• WHAT TO DO
From the first line of the listing below, retype each line up to and including the one with "Apartamento en un"; pictures stay out.

• DATA RECORDS
════════════════════

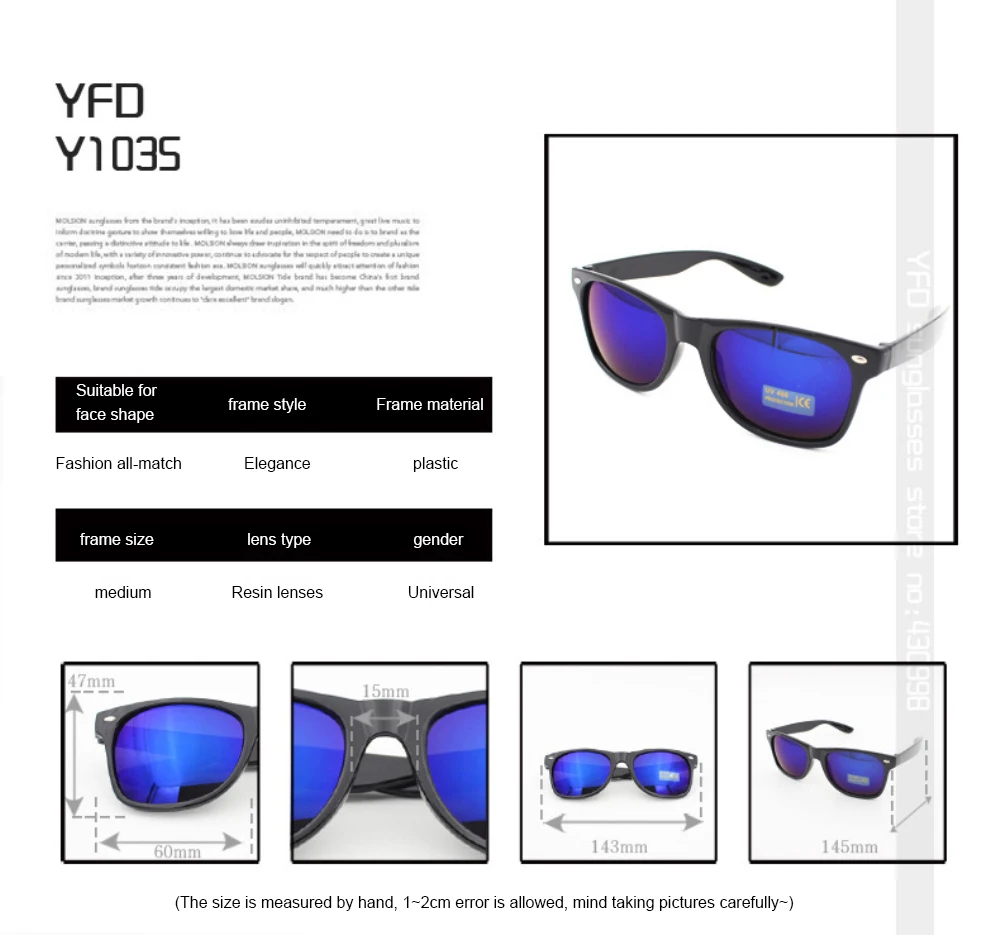 Note: Some lenses have different colors under different sunlight and different illumination angles.
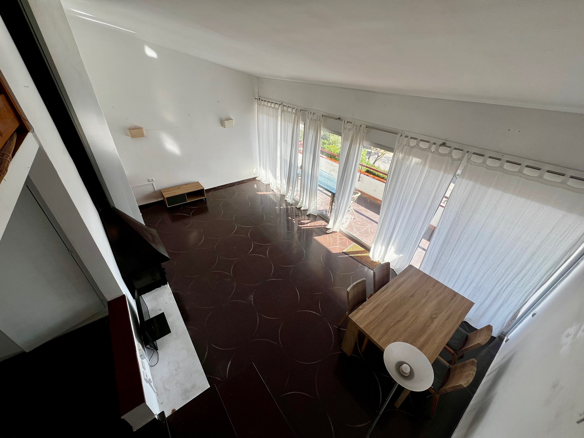 Apartamento en un primer piso sin ascensor. Terraza que da al jardín y a la piscina donde disfrutar de desayunos o comidas al sol. Salón con sofá cama para 1 persona, TV y salida directa a la terraza.
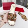 V-New British Fashion Gold Buckle Flat Shoes v Buckle One Word Slippers Woven Slippers
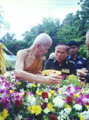 หลวงตามหาบัวโปรย ข้าวตอกดอกไม้ เหรียญเงินและเหรียญทองลงในหลุมศิลาฤกษ์
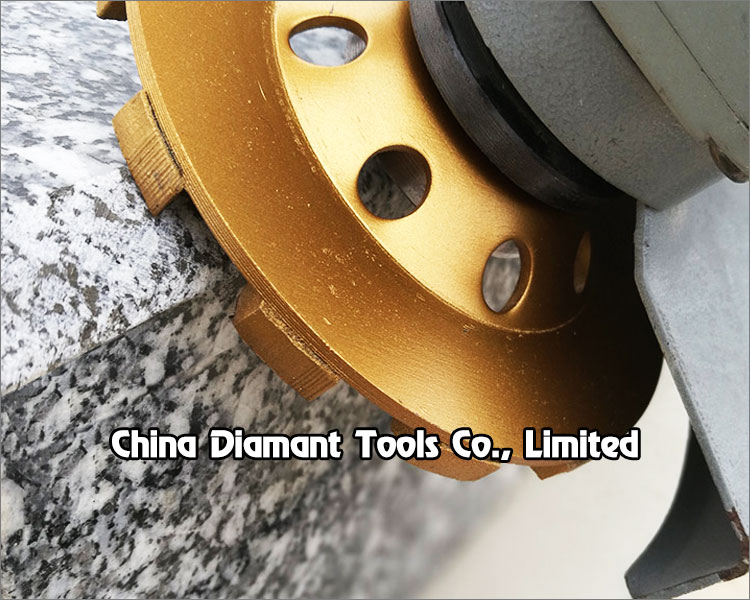 This diamond grinding cup wheels with turbo shape segments generally applicable to the grinding of various stone, marble, granite, ceramic, artificial stone, etc., especially suitable for the building decorated with concrete wall, marble floor, grinding edge of granite plate, chamfering and arc grinding, ideal for smoothing and shaping as well as stock removal.
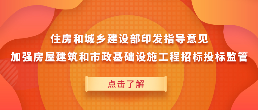 近日,住房和城乡建设部印发《关于进一步加强房屋建筑和市政基础设施工程招标投标监管的指导意见》(以下简称《意见》),推进房屋建筑和市政基础设施工程招标投标制度改革,加强相关工程招标投标活动监管,严厉打击招标投标环节违法违规问题,维护建筑市场秩序。
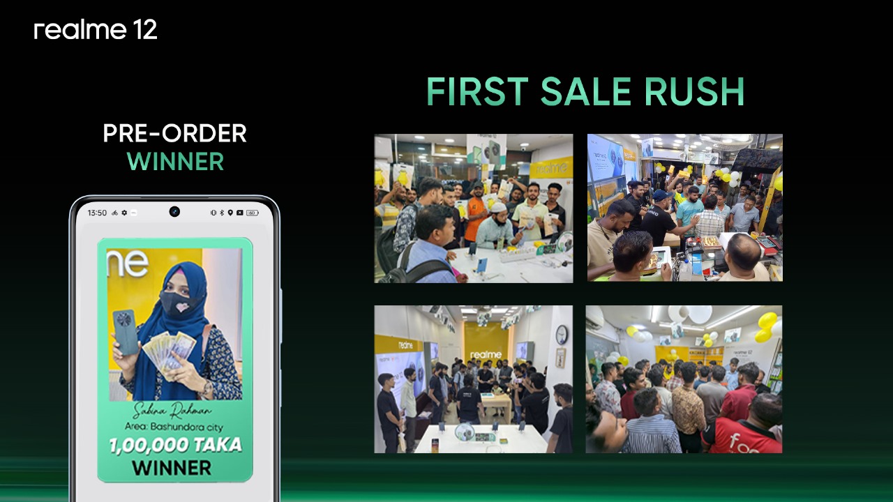 নিজস্ব প্রতিবেদকঃ তরুণদের জনপ্রিয় স্মার্টফোন ব্র্যান্ড রিয়েলমি গ্রাহকদের বহুল প্রতীক্ষিত ফোন রিয়েলমি ১২-এর প্রি-অর্ডার ক্যাম্পেইনের বিজয়ীদের নাম ঘোষণা করেছে। এরই মধ্যে দারুণ ফিচারসমৃদ্ধ এই স্মার্টফোন সংগ্রহের মাধ্যমে নগদ অর্থ ও ‘একটি কিনলে একটি ফ্রি’ অফারের জন্য দেশের বিভিন্ন দোকানে ক্রেতাদের উপচে পড়া ভিড় দেখা গেছে।

════════════════════

• TASK RESULT
 Note: Some lenses have different colors under different sunlight and different illumination angles.
 Apartamento en un primer piso sin ascensor. Terraza que da al jardín y a la piscina donde disfrutar de desayunos o comidas al sol. Salón con sofá cama para 1 persona, TV y salida directa a la terraza.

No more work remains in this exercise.